- cross-posted to:
- news
- cross-posted to:
- news
Well if the issue in your company that QA has essentially been cut from the budget by reducing times so much that it no longer feasible. I would not send anyone anywhere in your equipment unless it is independently audited.
Make the Boeing CEO and other executives be the first human guinea pigs in this thing.
I suspect there is at least one engineer who voiced concerns months or years ago, was not listened to, and is now having an “I told you so” moment.
They’ve know about the helium leak for a month now but managers “did not consider it significant enough to stop the launch”. It’s always incompetent managers.
Reminds me of Roger Boisjoly who desperately objected to launching space shuttle Challenger in cold weather. Managers struck again that day.
No one would expect that
Another chapter in the endless clown show.
Clowns are generally highly-skilled professionals who care about their audience. Please don’t compare them to Boeing.

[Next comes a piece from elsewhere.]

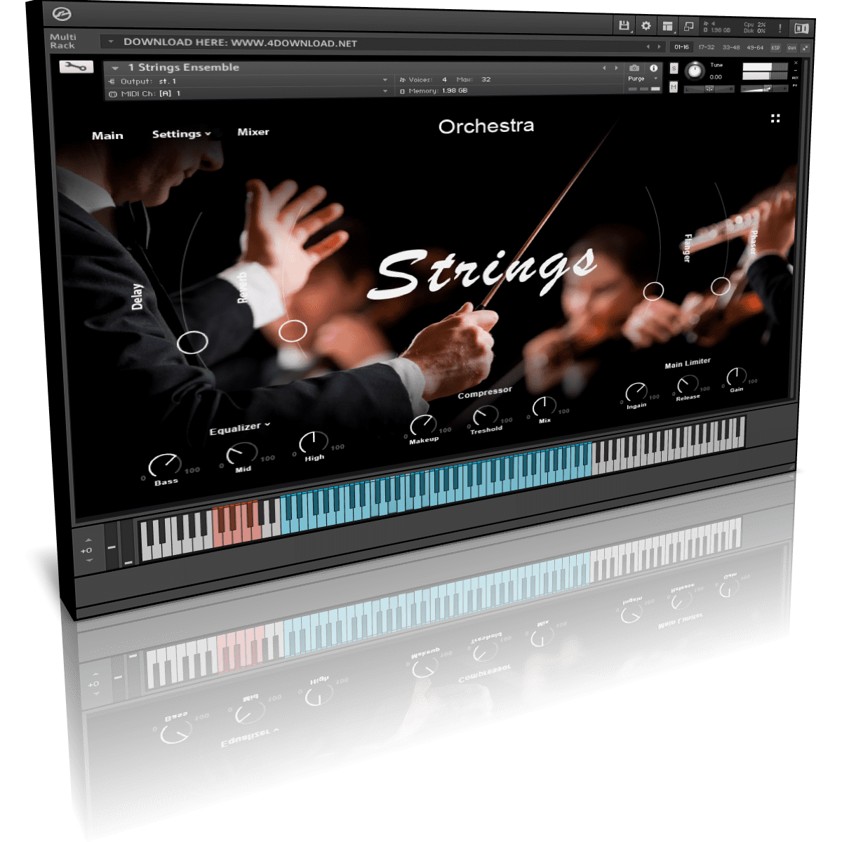 Complete collection of full orchestral strings ensemble. You have a total of 45 source sounds to explore, transform, combine and create your own. Sound Browser and 9 channel Mixer for changing sound and fx settings on each sound source. Instrument Main Effects: delay, chorus, algorithmic reverb, phaser, gainer and flanger.

Good thing too, we don’t need a door plug raining down from orbit
But that taxpayer money keep flowing!
Any new dead whistleblowers?
But that taxpayer money keep flowing
Not in this specific case. Starliner is a fixed-price contract, not cost-plus. Boeing is having to foot the bill for their own incompetence, and I’m all here for it!
Damn how did they botch that so bad? SpaceX effect?
Boeing engineers traced the leak to a flange.
I expected software issues, maybe avionics, but a flange? How.
It’s Boeing. Instead of making an aircraft that actually flew well, they designed an entire extra system that pretends to react like the plane doesn’t react, and then that system FORCIBLY NOSEDIVES PLANES randomly.
I’m almost surprised it’s not something more stupid.
You misheard. It’s a problem with plange. Computer plange. Specifically snibbits.
It’s a helium leak. Helium has the capability to leak out of almost anything.